Frontotemporal Dementia: Impact on Social Brain.

By – Valeriy Sabodash, M.D.

frontotemporal DementiaDementia is a common clinical diagnosis in neurology practice. There are many types of dementia. The most discussed type is Alzheimer’s disease in the past known as senile dementia. However, there are other neurodegenerative syndromes that less known not only to the patients and their families but physicians too. Some of these, in fact, are not uncommon conditions and should hold social awareness to be recognizable and diagnosed in a proper time manner.

Frontotemporal Dementia or Frontotemporal Lobar Degeneration in abbreviation known as FTD is one of these illnesses we are going to discuss. It is known to us since 1892 when a professor of psychiatry from Charles University in Prague Arnold Pick first discovered and described the disease. Since then the name Pick’s Disease was used until lately. With time more syndromes which have the same histologic pathology and share similar clinical symptoms were discovered and the term FTD became predominant in use these days.

Frontotemporal dementia is a disease of the Social Brain. The striking feature of the disease is acquired asocial but not antisocial behavior and personality changes. Memory is not routinely affected. Patients with this disease develop behaviors, habits, and tendencies which previously they had not had. They progressively become inappropriate in their comments and acts, lack insight, tact and empathy towards others, lose interests in daily chores, develop poor decision making and judgment, tendency to eat sweets, and compulsive behaviors. For example, one of my patients started compulsively drawing pictures for straight 18 hours a day which was a brand-new habit for her. Hyperorality or tendency to put objects into a mouth, and hyperphagia, tendency to eat a lot, can lead to developing the state when a person eats everything reachable including not eatable objects. Majority of the patients with FTD have problems with hygiene and personal care. Despite recommendations, some of the patients continue risky driving.

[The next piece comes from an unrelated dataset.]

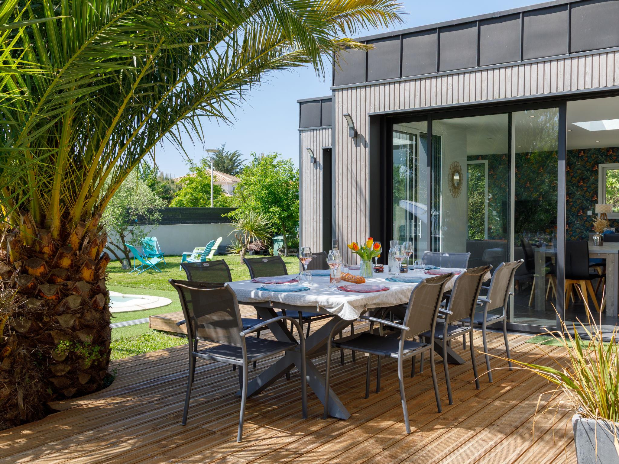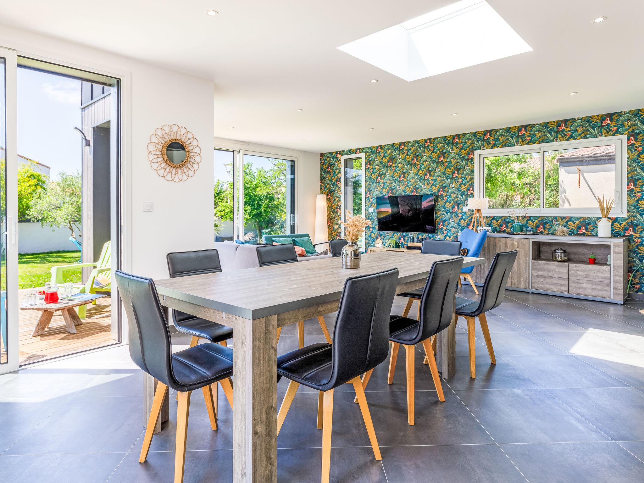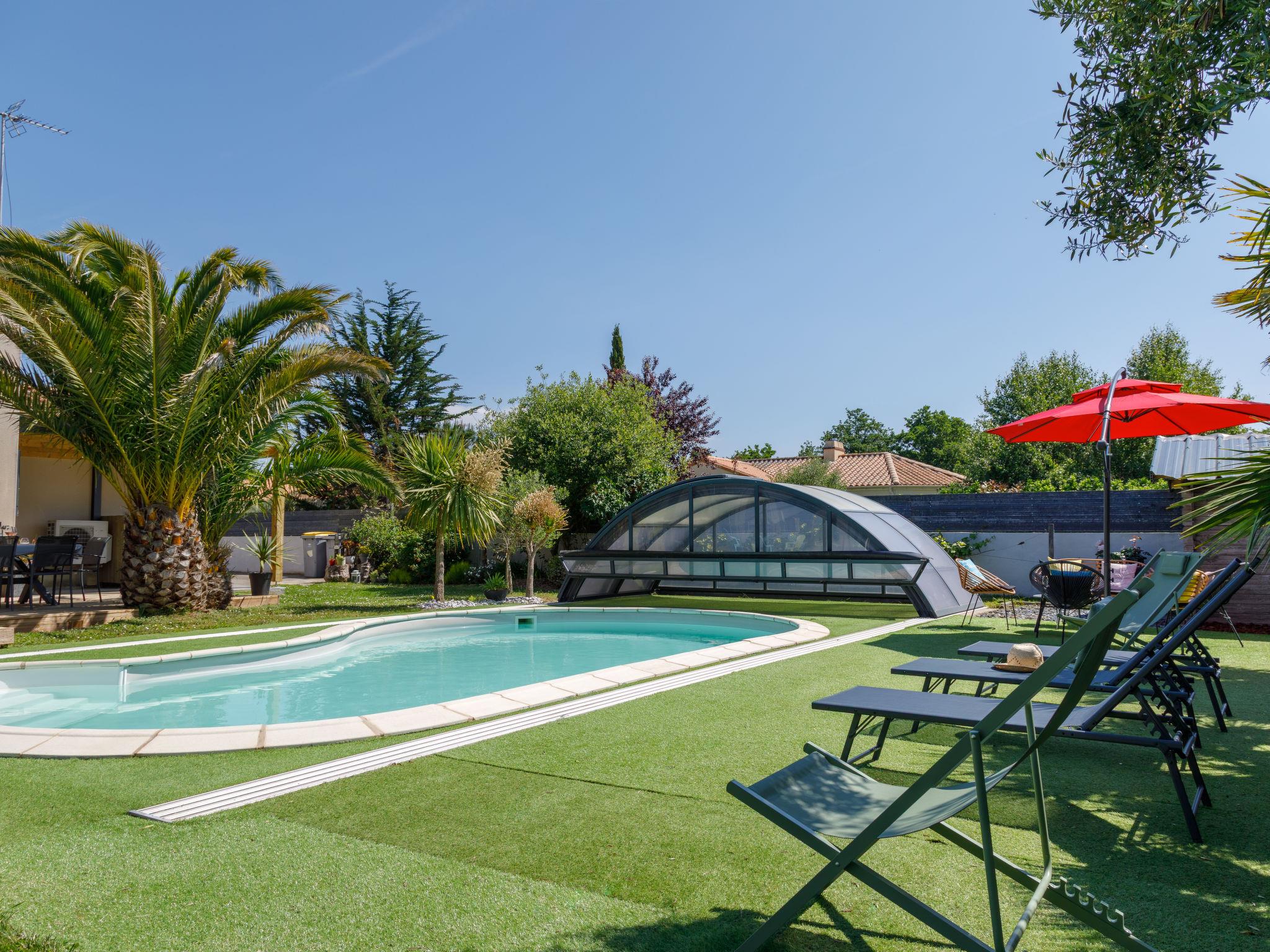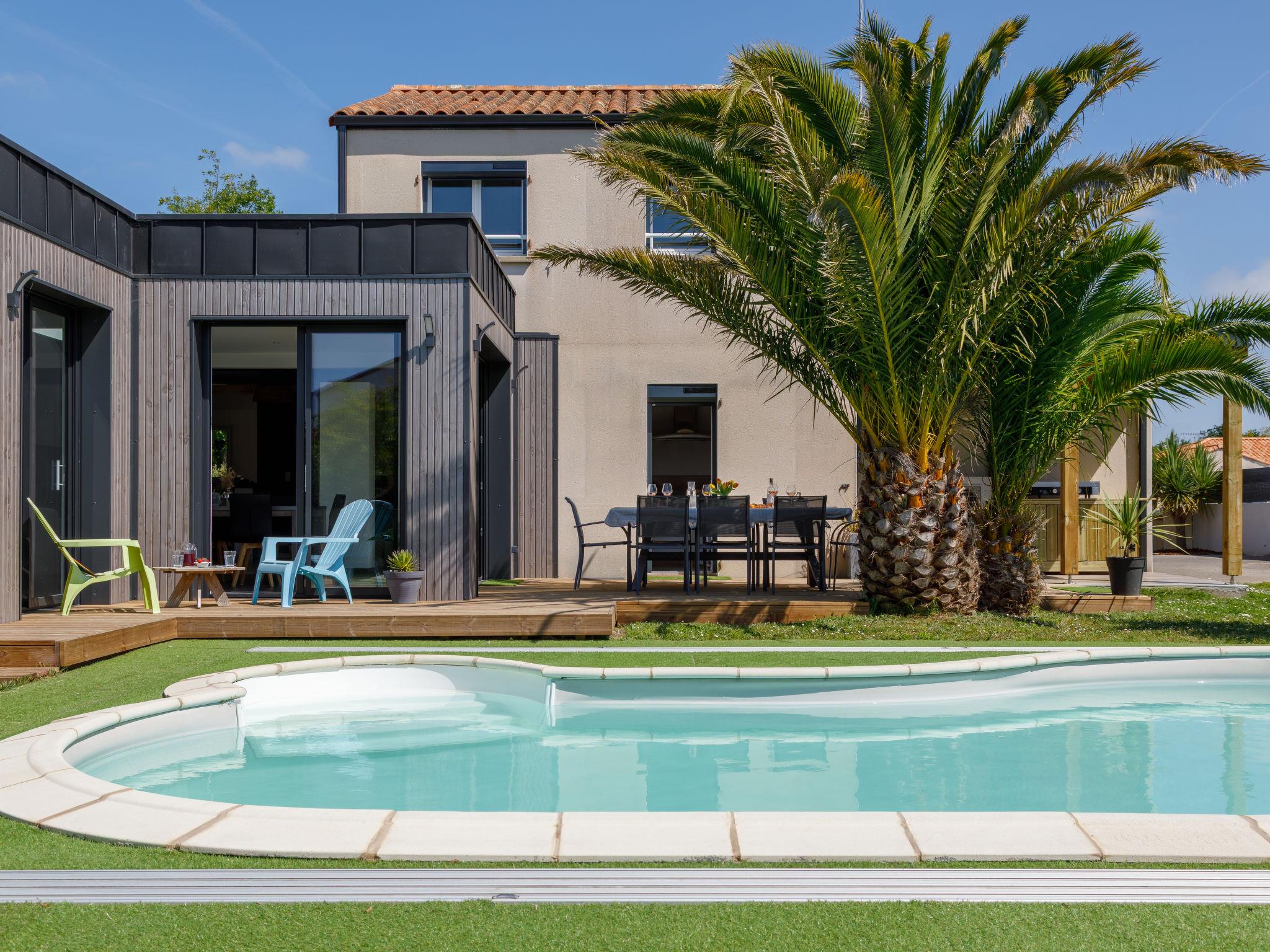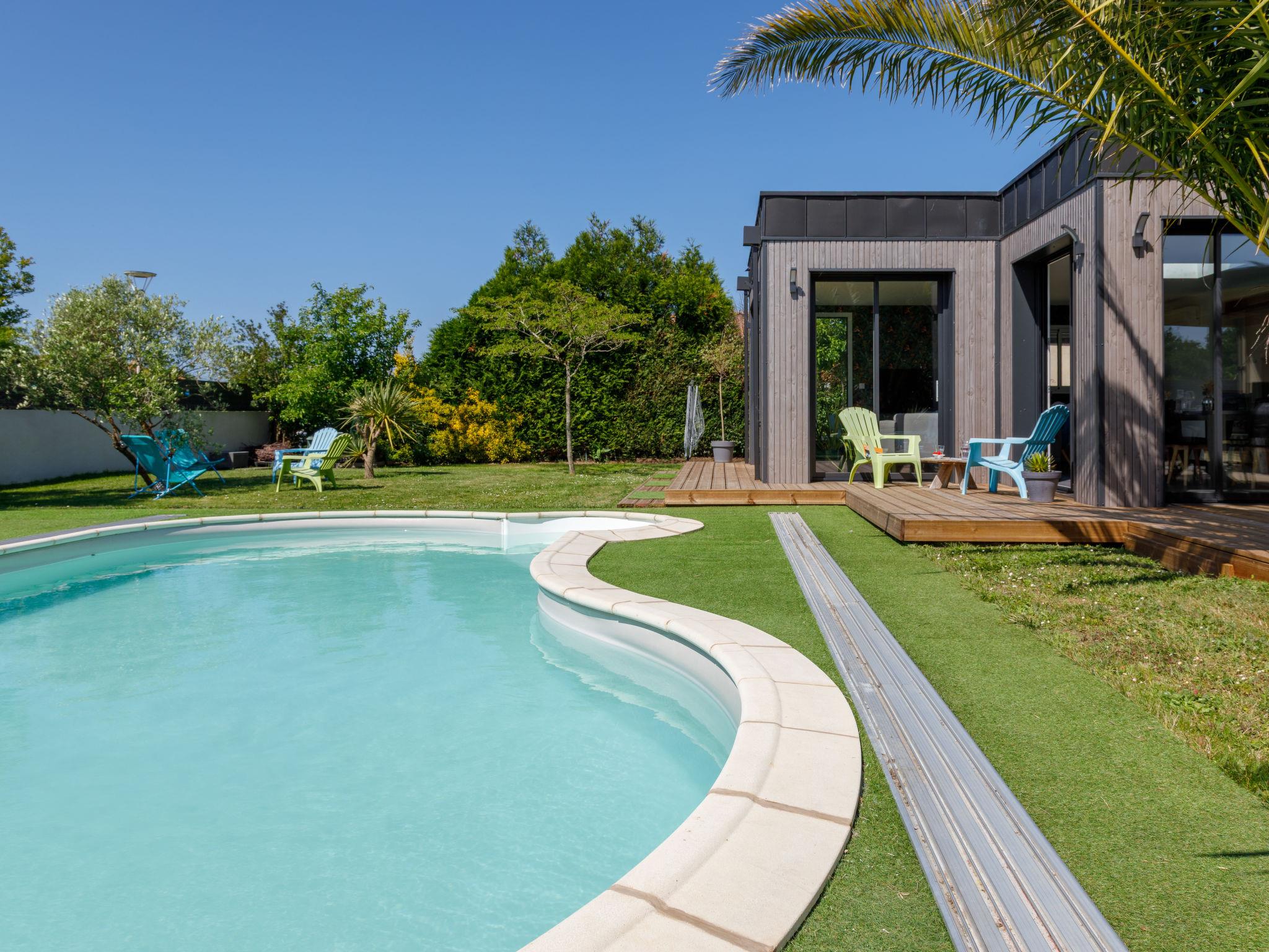 Large, beautiful single-family house "Villa Sunset", 2 storeys. In the district of La Prinais, in a quiet position in the residential district, 2 km from the sea, 3.5 km from the beach, in a cul-de-sac, south facing position. Private: property 700 m2 (fenced), well-kept garden with lawn, swimming pool, indoor pool (8 x 4 m, depth 120 - 120 cm, seasonal availability: 01.Jun. - 30.Sep.). Table tennis, terrace, garden furniture, barbecue, parking (for 2 cars), single garage. Shop 350 km, supermarket 3 km, restaurant 3 km, 25 minute walk to the centre, bus stop "La Croix du Sud" 1.5 km, railway station "Saint Nazaire" 10 km, sandy beach "Grande plage de l'Océan" 6 km, outdoor swimming pool 4 km, thermal baths "Spa du Béryl" 6 km. Nearby attractions: Le Serpent d'Océan 2.5 km, Chantiers de l'Atlantique St Nazaire 9 km, Pornic 17 km, Pornichet-La Baule 21 km, Nantes 67 km, Noirmoutier 77 km. Well-known lakes can easily be reached: Lac de Saint Viaud 13 km. Hiking paths: Parc naturel régional de Brière 13 km.

Some patients do not see a problem in making comments on somebody’s appearance and often cannot suppress impulses of sexual character. Overly “friendly” patients with FTD are often easy to start a conversation with strangers on the street sometimes being very successful in seeking intimacy. Poor judgment makes people enormously spend money, ignore social boundaries, cultural traditions, advises and opinions of others. As Albert Camus’s personage in The Stranger said: “Mother died today. Or maybe yesterday; I can’t be sure”, – patients with FTD are losing their sympathy to all human and the humanism in general. “This is a person we did not know before” – is a usual complaint when families are describing the symptoms of a patient with FTD.

Aggression is not the common symptom of FTD. However, if present it is reactive to stimulus in opposition to premeditated or proactive aggression which required preservation of working memory and executive function. In FTD these are the most affected functions. Anxiety is frequently reported, when flat affect and apathy misread as depression. Abulia or lack of

motivation is very often to see in patients with FTD. Of note, these are probably the most common presentation of this disease.

Some patients may develop a syndrome of environmental dependency also called Zelig syndrome from the name of the protagonist of Woody Allen’s Zelig. A syndrome where the affected individual relies on environmental cues to accomplish goals or tasks. For example, a person suffering from this syndrome sitting in a doctor’s chair may treat a doctor as his patient. False beliefs, fantastic thinking, or vividly experienced imagination, frequently mixed with hallucinosis are reported in a patient with FTD.

There are three clinical forms of frontotemporal dementia: a behavioral variant, semantic dementia, and progressive non-fluent aphasia. Some of these have a strong genetic predisposition. In many features, these forms overlap clinically, but last two predominantly affect language rather than behavior. Treatments at present have limited efficacy in all three variants, and at best of mostly supportive character.